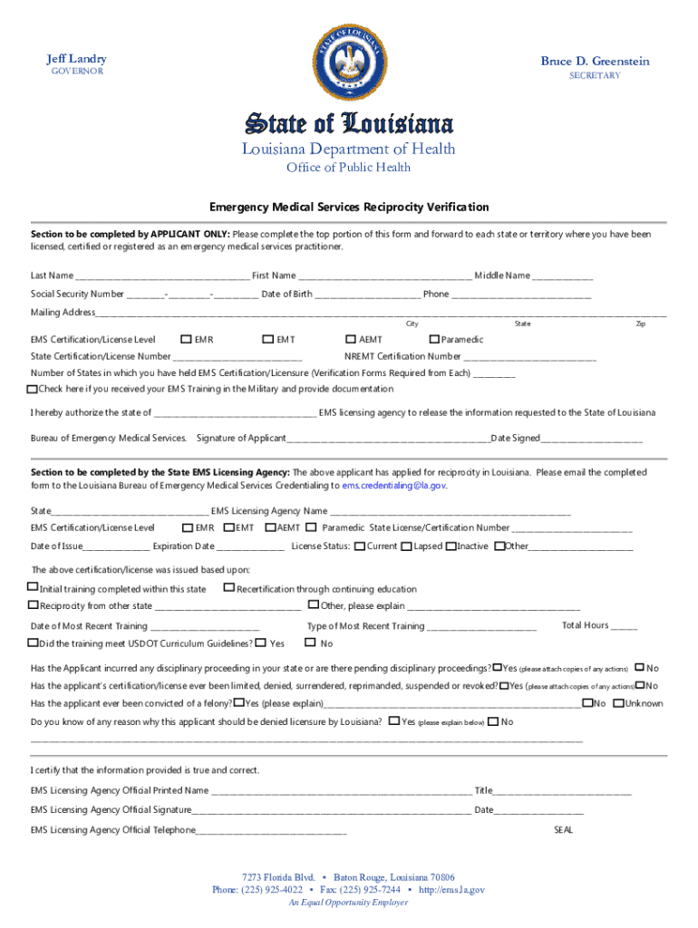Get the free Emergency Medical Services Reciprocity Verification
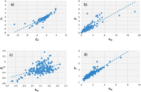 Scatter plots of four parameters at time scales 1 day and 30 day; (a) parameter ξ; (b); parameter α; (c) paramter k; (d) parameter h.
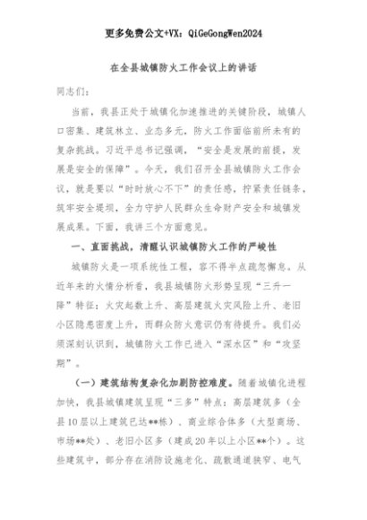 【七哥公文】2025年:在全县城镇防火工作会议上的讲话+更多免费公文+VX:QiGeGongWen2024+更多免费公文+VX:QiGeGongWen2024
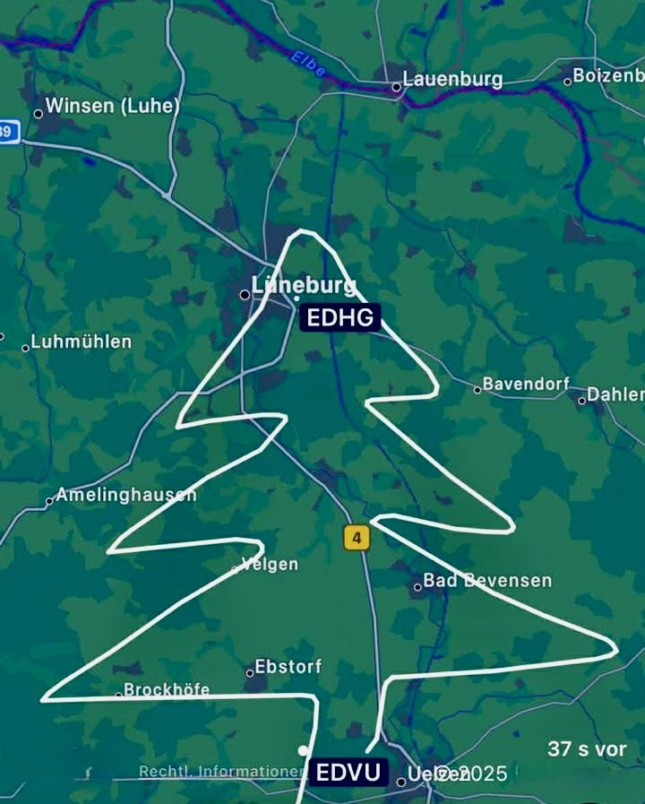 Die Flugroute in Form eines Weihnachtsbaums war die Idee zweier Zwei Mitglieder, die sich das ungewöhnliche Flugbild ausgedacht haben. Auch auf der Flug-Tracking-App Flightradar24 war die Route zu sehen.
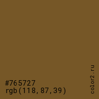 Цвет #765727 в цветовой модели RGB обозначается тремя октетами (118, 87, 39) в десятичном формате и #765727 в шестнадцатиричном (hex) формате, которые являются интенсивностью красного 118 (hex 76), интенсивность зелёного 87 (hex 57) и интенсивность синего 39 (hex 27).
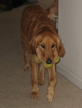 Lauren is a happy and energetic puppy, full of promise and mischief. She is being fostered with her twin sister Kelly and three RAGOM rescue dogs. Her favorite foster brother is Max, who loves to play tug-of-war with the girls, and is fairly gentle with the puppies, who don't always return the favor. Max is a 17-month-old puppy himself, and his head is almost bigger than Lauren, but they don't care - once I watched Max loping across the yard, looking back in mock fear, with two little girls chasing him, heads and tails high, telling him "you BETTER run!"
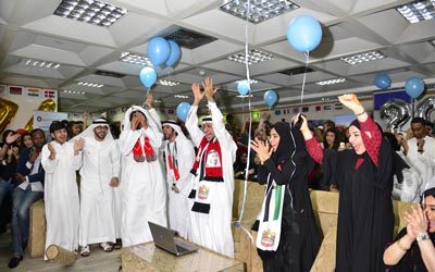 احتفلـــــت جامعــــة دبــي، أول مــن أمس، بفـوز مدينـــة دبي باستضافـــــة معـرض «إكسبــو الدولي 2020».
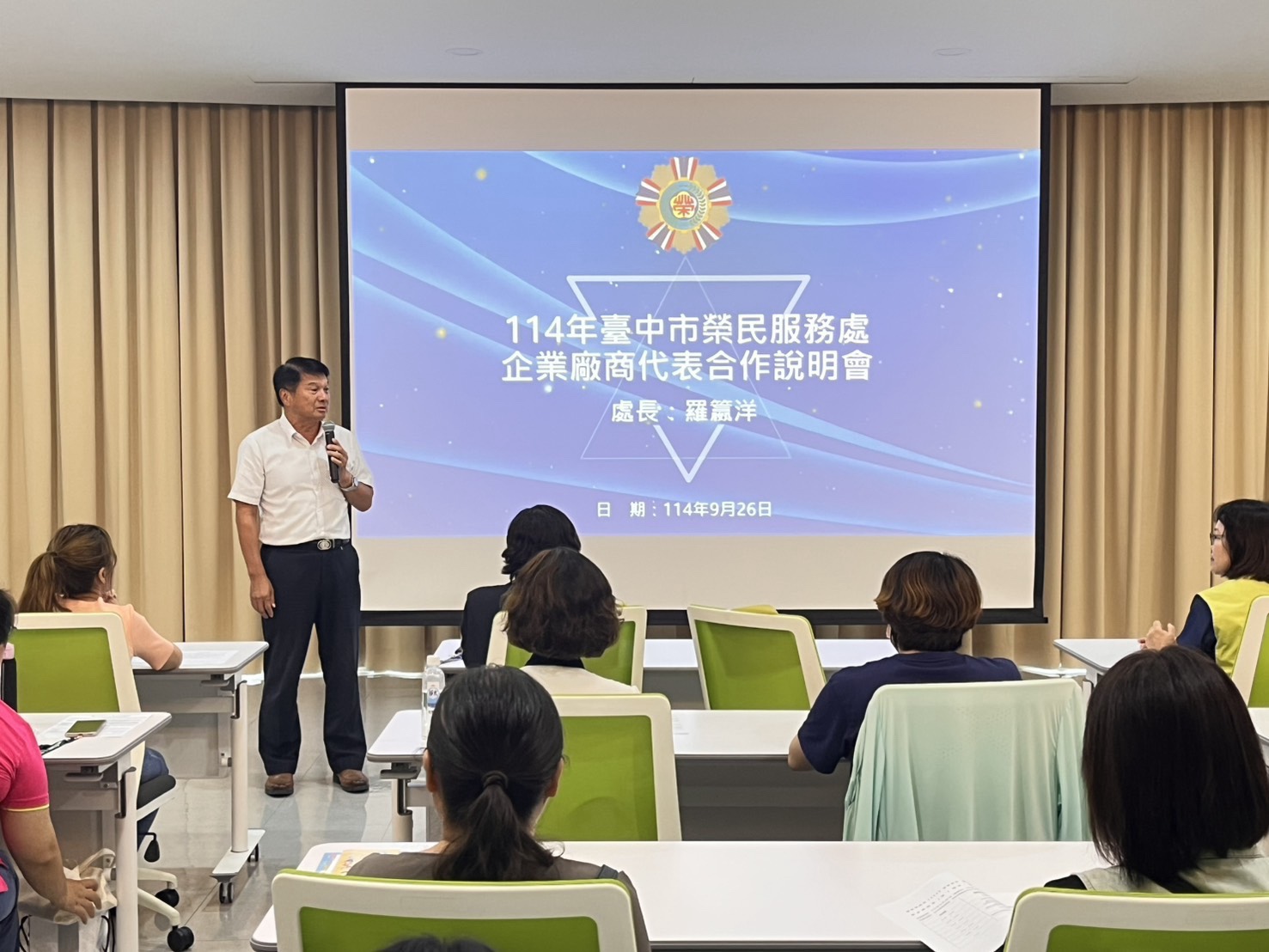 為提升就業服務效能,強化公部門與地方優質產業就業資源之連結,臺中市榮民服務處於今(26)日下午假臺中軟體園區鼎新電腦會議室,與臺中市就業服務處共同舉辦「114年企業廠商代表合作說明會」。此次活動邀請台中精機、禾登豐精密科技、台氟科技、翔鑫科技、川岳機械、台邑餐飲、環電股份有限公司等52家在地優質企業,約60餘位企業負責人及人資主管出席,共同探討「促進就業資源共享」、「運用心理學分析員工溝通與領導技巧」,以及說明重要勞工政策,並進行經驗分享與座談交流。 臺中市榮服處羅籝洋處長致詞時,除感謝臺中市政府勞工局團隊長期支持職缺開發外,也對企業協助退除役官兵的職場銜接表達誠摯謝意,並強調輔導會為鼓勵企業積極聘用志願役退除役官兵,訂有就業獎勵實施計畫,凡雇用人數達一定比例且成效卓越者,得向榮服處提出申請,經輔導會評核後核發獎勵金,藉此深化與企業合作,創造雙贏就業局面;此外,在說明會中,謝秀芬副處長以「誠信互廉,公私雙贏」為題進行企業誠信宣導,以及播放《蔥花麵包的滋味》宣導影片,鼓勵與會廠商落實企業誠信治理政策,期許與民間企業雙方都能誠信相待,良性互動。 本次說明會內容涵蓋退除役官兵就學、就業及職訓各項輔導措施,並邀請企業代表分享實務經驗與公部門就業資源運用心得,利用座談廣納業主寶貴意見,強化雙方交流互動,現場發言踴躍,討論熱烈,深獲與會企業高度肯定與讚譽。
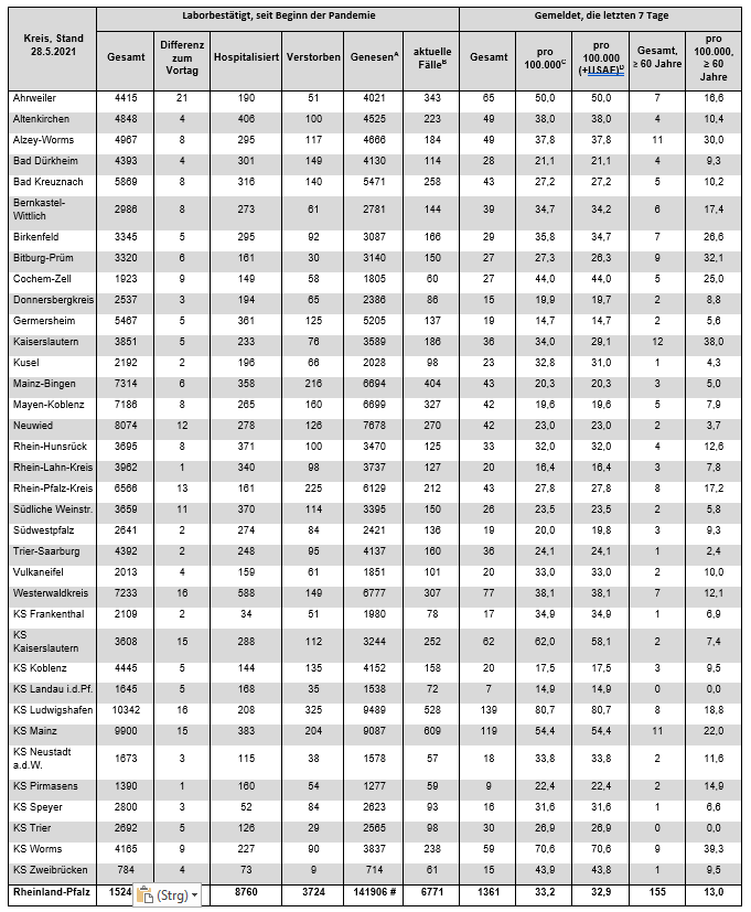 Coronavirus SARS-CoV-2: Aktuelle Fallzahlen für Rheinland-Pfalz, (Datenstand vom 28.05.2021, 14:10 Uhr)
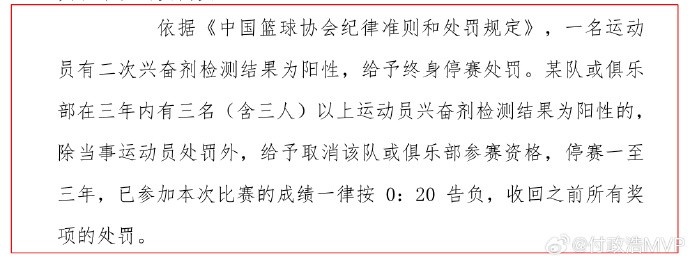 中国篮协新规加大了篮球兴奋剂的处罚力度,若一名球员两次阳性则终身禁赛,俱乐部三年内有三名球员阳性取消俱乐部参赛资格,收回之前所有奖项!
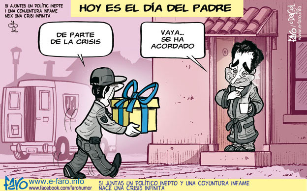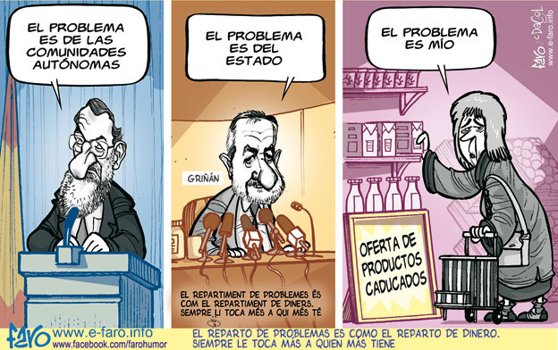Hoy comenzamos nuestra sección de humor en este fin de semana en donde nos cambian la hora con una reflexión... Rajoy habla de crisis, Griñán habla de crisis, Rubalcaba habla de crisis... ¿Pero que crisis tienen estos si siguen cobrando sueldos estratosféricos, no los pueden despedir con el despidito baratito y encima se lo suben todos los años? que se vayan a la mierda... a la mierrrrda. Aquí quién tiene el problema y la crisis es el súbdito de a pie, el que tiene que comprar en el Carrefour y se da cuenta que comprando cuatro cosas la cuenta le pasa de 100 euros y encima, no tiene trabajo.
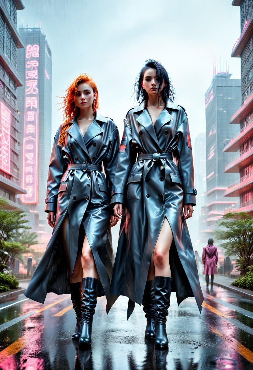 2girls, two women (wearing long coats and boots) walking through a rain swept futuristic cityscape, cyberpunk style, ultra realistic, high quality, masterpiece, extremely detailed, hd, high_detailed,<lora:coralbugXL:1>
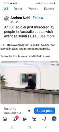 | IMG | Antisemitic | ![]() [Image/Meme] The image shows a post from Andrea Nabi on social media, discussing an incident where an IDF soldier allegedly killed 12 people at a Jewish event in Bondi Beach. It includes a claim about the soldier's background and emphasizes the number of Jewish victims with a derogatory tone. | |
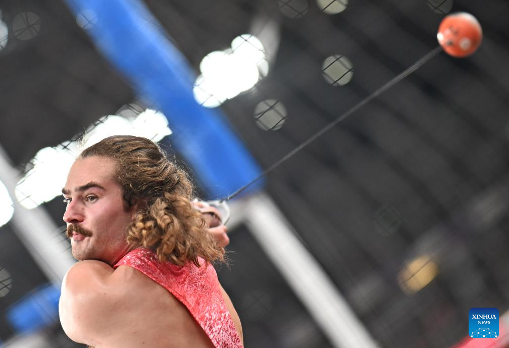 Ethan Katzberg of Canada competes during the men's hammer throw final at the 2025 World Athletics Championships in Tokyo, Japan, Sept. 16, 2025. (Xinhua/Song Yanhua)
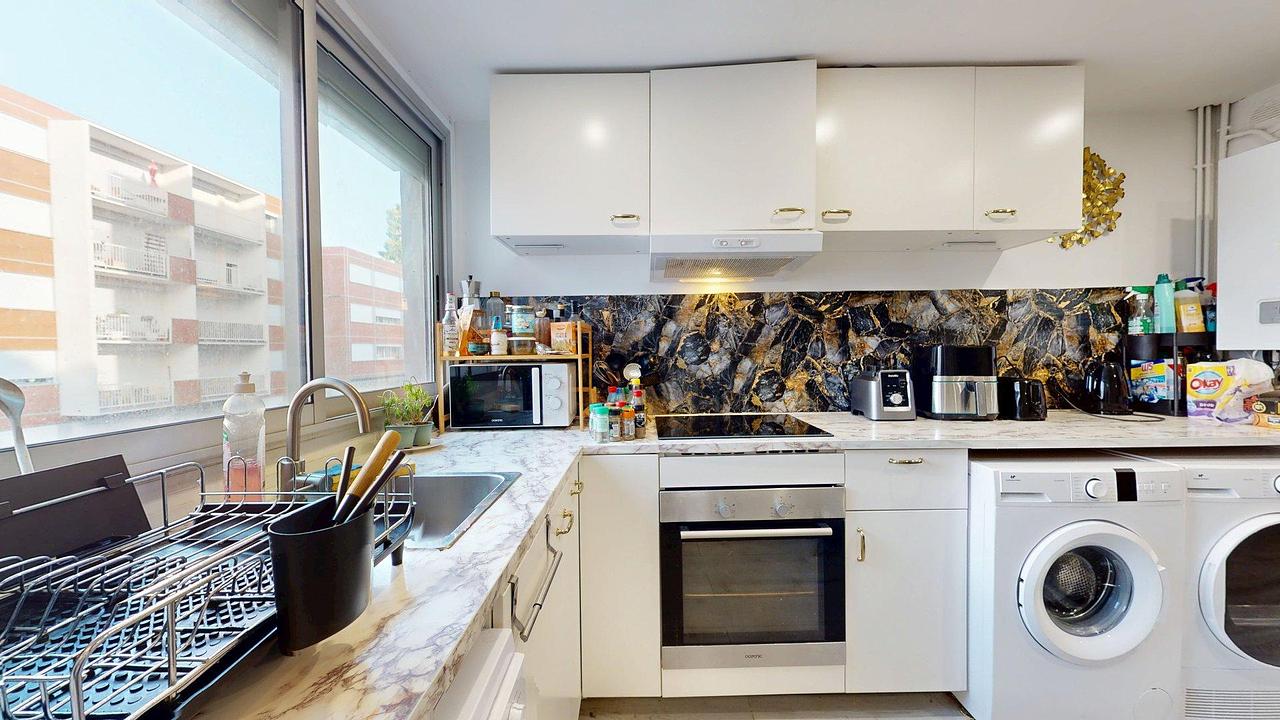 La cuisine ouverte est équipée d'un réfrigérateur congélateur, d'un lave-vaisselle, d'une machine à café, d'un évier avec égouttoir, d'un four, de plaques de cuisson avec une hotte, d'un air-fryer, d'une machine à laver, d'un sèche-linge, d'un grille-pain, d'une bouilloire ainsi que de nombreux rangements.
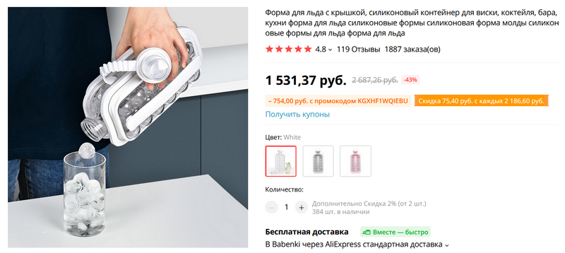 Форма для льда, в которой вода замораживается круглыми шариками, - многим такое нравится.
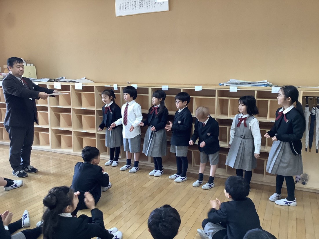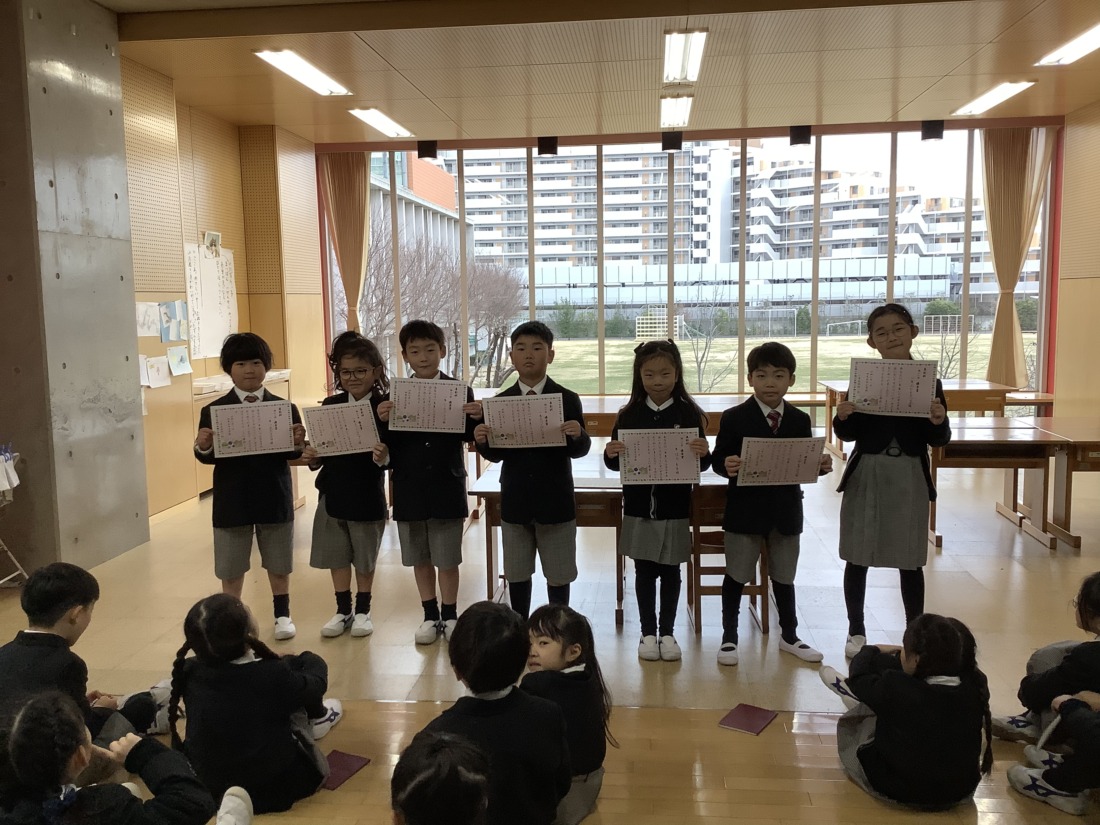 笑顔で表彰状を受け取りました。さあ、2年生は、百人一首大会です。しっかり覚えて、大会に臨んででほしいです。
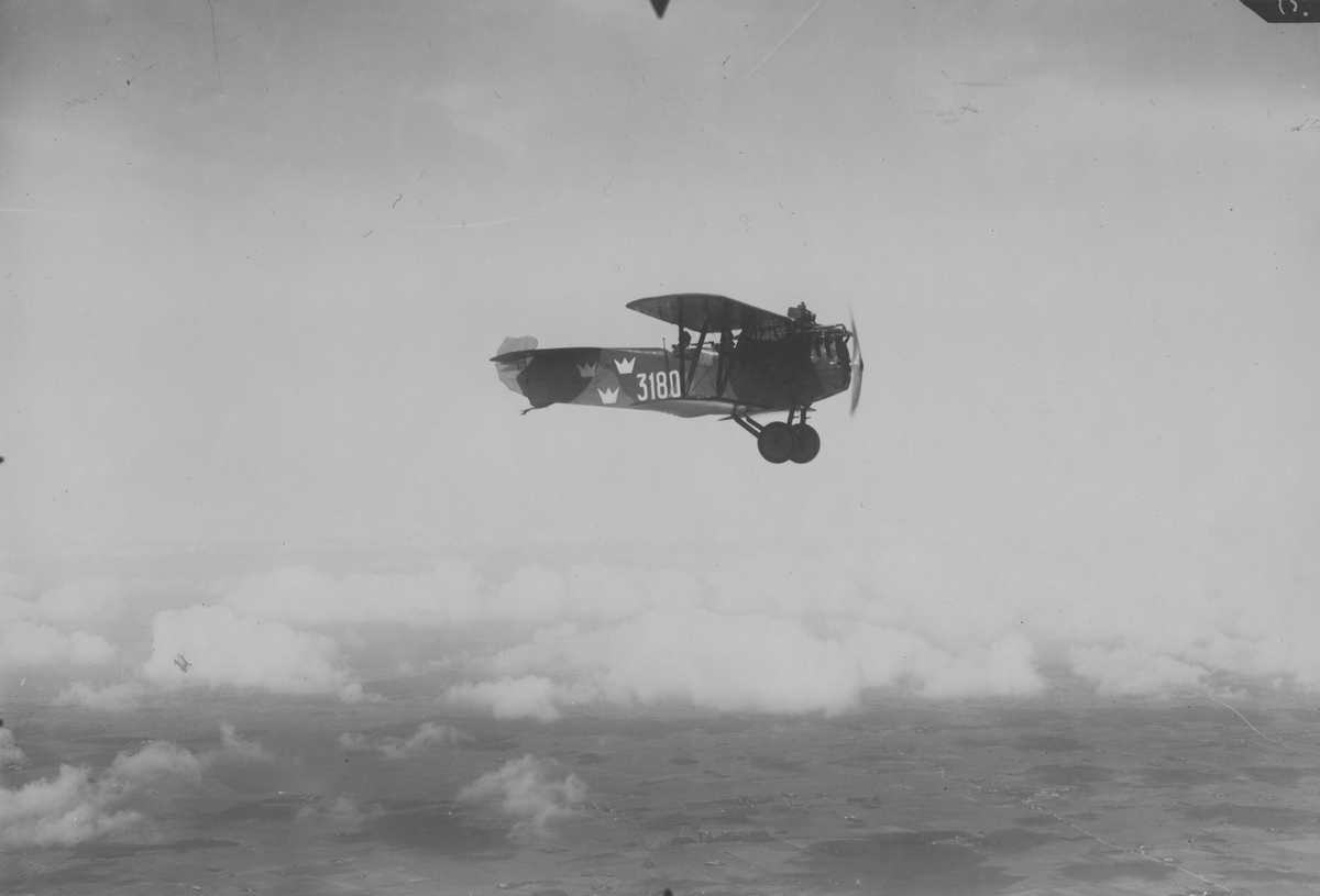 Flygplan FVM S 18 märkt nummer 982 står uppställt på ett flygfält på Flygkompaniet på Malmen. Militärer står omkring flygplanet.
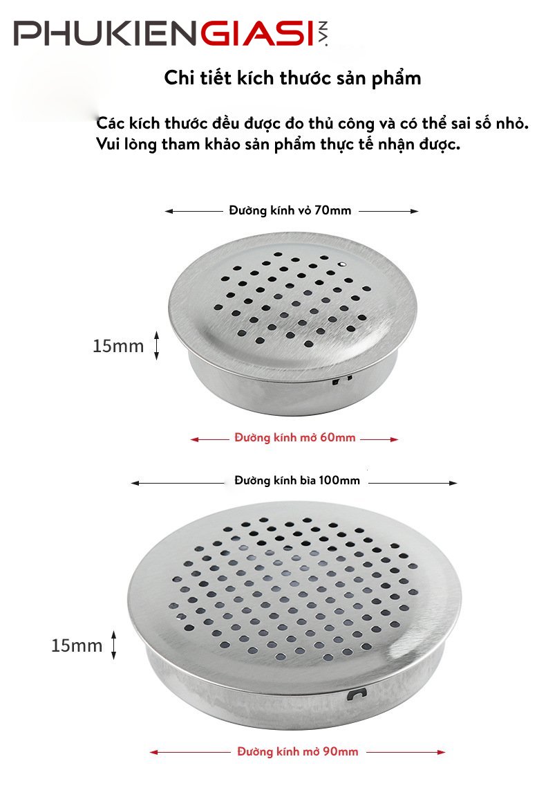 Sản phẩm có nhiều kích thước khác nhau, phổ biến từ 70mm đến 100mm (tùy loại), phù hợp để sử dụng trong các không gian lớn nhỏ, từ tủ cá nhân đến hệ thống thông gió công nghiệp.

** What this task involves **
Give back an exact repeat of the lines from the top of the data through the line that holds "Цвет #765727 в", both included, and omit pictures.

** Written reply **
Get the free Emergency Medical Services Reciprocity Verification
 Scatter plots of four parameters at time scales 1 day and 30 day; (a) parameter ξ; (b); parameter α; (c) paramter k; (d) parameter h.
 【七哥公文】2025年:在全县城镇防火工作会议上的讲话+更多免费公文+VX:QiGeGongWen2024+更多免费公文+VX:QiGeGongWen2024
 Die Flugroute in Form eines Weihnachtsbaums war die Idee zweier Zwei Mitglieder, die sich das ungewöhnliche Flugbild ausgedacht haben. Auch auf der Flug-Tracking-App Flightradar24 war die Route zu sehen.
 Цвет #765727 в цветовой модели RGB обозначается тремя октетами (118, 87, 39) в десятичном формате и #765727 в шестнадцатиричном (hex) формате, которые являются интенсивностью красного 118 (hex 76), интенсивность зелёного 87 (hex 57) и интенсивность синего 39 (hex 27).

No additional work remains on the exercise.